But when we realize the fact—now generally conceded—that most of the fatalities consequent upon mushroom-eating are directly traceable to one particular tempting group of fungi, and that this group is moreover so distinctly marked that a tyro could learn to distinguish it, might not such a popular work, in its emphasis by careful portraiture and pictorial analysis of this deadly genus—placarding it so clearly and unmistakably as to make it readily recognizable—might not such a work, to that extent at least, accomplish a public service?

Conservative mycology

Moreover, even the most conservative mycologist will certainly admit that out of the hundred and fifty of our admittedly esculent species of fungi there might be segregated a few which bear such conspicuous characters of outward form and other unique individual features—such as color of spores, gills, and tubes, taste, odor, surface character, color of milky juice, etc.—as to render them easily recognizable even by the "general reader."

It is in the positive, affirmative assumption of these premises that the present work is prepared, comprising as it does a selection of a score or more, as it were, self-placarded esculent species of fungi, while putting the reader safely on guard against the fatal species and a few other more or less poisonous or suspicious varieties which remote possibility might confound with them.

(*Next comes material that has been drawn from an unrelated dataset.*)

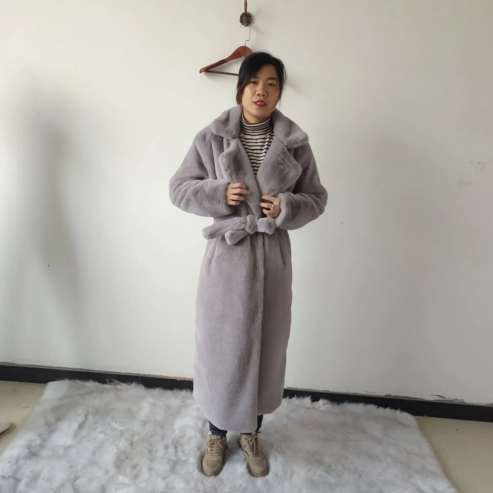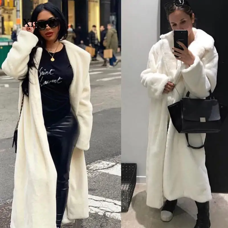 Зимнее женское пальто из искусственного кроличьего меха, Удлиненное пальто до колена, Свободное пальто с лацканами, толстые теплые женские плюшевые пальто

Popular interest in mushrooms

Since the publication of a recent magazine article on this topic, and which became the basis of the present elaboration, I have been favored with a numerous and almost continuous correspondence upon mushrooms, including letters from every State in the Union, to say nothing of Canada and New Mexico, evincing the wide-spread interest in the fungus from the gustatory point of view. The cautious tone of most of these letters, in the main from neophyte mycologists, is gratifying in its demonstration of the wisdom of my position in this volume, or, as one of my correspondents puts it, "the frightening of one to death at the outset while extending an invitation to the feast." "Death was often a consequence of toadstool eating," my friend continued, "but I never before realized that it was a certain result with any particular mushroom, and to the extent of this information I am profoundly thankful."

Caution at the threshold

While, then, from the point of view of desired popularity of my book, the grim greeting of a death's-head upon the frontispiece might be considered as something of a handicap, the author confesses that this attitude is the result of "malice prepense" and deliberation, realizing that he is not offering to the "lay public," for mere intellectual profit, this scientific analysis of certain fungus species. Were this alone the raison d'être or the logical outcome of the work—mere identification of edible and poisonous species—the grewsome symbol which is so conspicuous on two of my pages might have been spared. But when it is remembered that with the selected list of esculent mushrooms herein offered is implied also an invitation and a recommendation to the feast thereof, with the author as the host—that the digestive functions of his confiding friends or guests are to be made the final arbiters of the correctness of his botanical identification—the ban of bane may as well be pronounced at the threshold. Let the too eager epicurean be "scared to death at the outset," on the general principle pro bono publico, and to the conciliation of the author's conscience.

To correspondents

The oft-repeated queries of other correspondents suggest the wisdom of a clearer definition of the limitations of the present work. Several individuals have written in surprise of their discovery of a new toadstool which I "did not include in my pictured magazine list," with accompaniment of more or less inadequate description and somewhat enigmatical sketches, and desiring the name of the species and judgment upon its esculent qualities. Such correspondence is a pleasing tribute to an author, and is herewith gratefully acknowledged as to the past and, with some mental reservations, welcomed as to the future. The number of these communications—occasionally several in a day, and with consequent rapid accumulation—renders it absolutely impossible for a busy man to give them the prompt personal attention which courtesy would dictate. My "mushroom" pigeon-hole, therefore, is still plethoric with the unhonored correspondence of many weeks; and inasmuch as the continual accession more than balances the number of my responses, a fulfilment of my obligations in this direction seems hopeless in contemplation. I would therefore beg the indulgence of such of my friends as have awaited in vain for my reply to their kind communications, even though the future should bring no tidings from me. All of these letters have been received, and are herewith acknowledged: many of them, too, if I may be pardoned what would seem to be a most ungracious comment, for which the "dead-letter" office would have been the more appropriate destination.